The Gulf Stream off the East Coast of the U.S. is a vital ocean component. This map view shows the Gulf Stream on May 29, 2024, as a ribbon of dark red hugging the coast. This warm, swift current starts in the Gulf of Mexico, flows through the straits of Florida and toward North Carolina, then turns eastward as it moves toward northwestern Europe to become the North Atlantic Current.
The base true-color corrected reflectance image was acquired by the Visible Infrared Imaging Radiometer Suite (VIIRS) aboard the joint NASA/NOAA NOAA-20 satellite. Overlaid on the base image is Sea Surface Temperature from the Group for High Resolution Sea Surface Temperature (GHRSST).
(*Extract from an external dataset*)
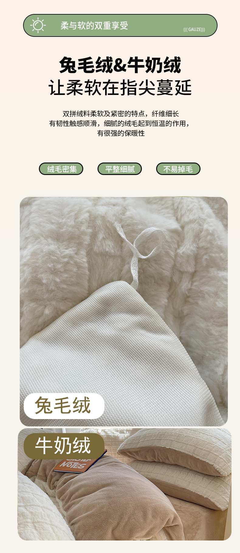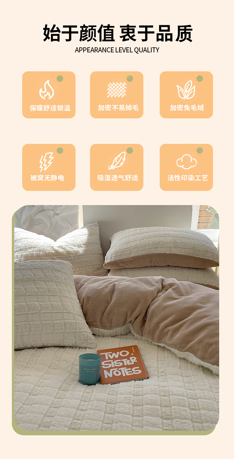 当前位置: 91家纺网 > 商品网购 > 床品套件 > 四件套 > 牛奶绒四件套 > 金爱家 2025新款全消光牛奶绒A类纯色獭兔毛绒立体牛奶绒四件套 奶白咖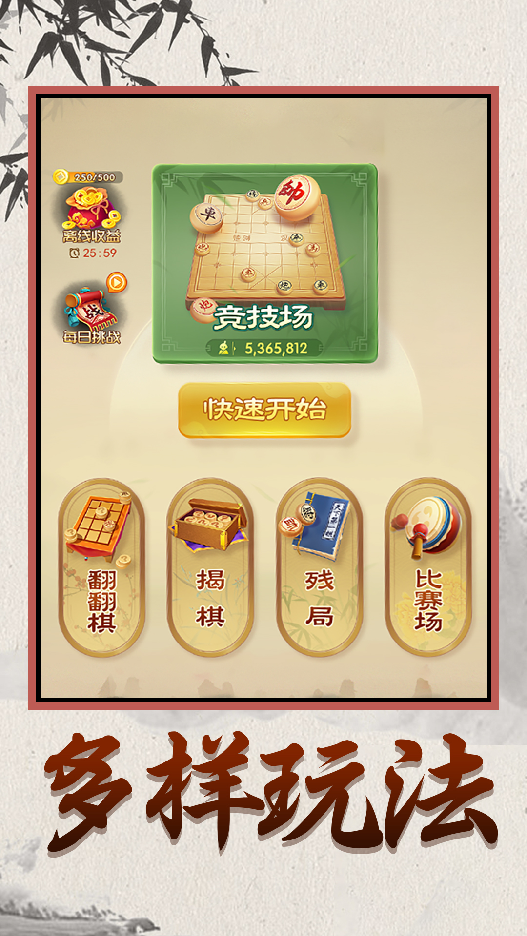 一款怡神益智有益身心的游戏。象棋集文化、科学、艺术、竞技于一身,不但可以开发智力,启迪思维,锻炼辨证分析能力和培养顽强的意志,而且可以修心养性,陶冶情操,丰富文化生活,趣味性极强。

The Multiscale Ultrahigh Resolution (MUR) L4 analysis is based upon nighttime GHRSST L2P skin and subskin SST observations from several instruments, including the NASA Advanced Microwave Scanning Radiometer-EOS (AMSR-E), the Moderate Resolution Imaging Spectroradiometer (MODIS) aboard NASA's Aqua and Terra platforms, the U.S. Navy microwave WindSat radiometer, and in-situ SST observations from the NOAA iQuam project.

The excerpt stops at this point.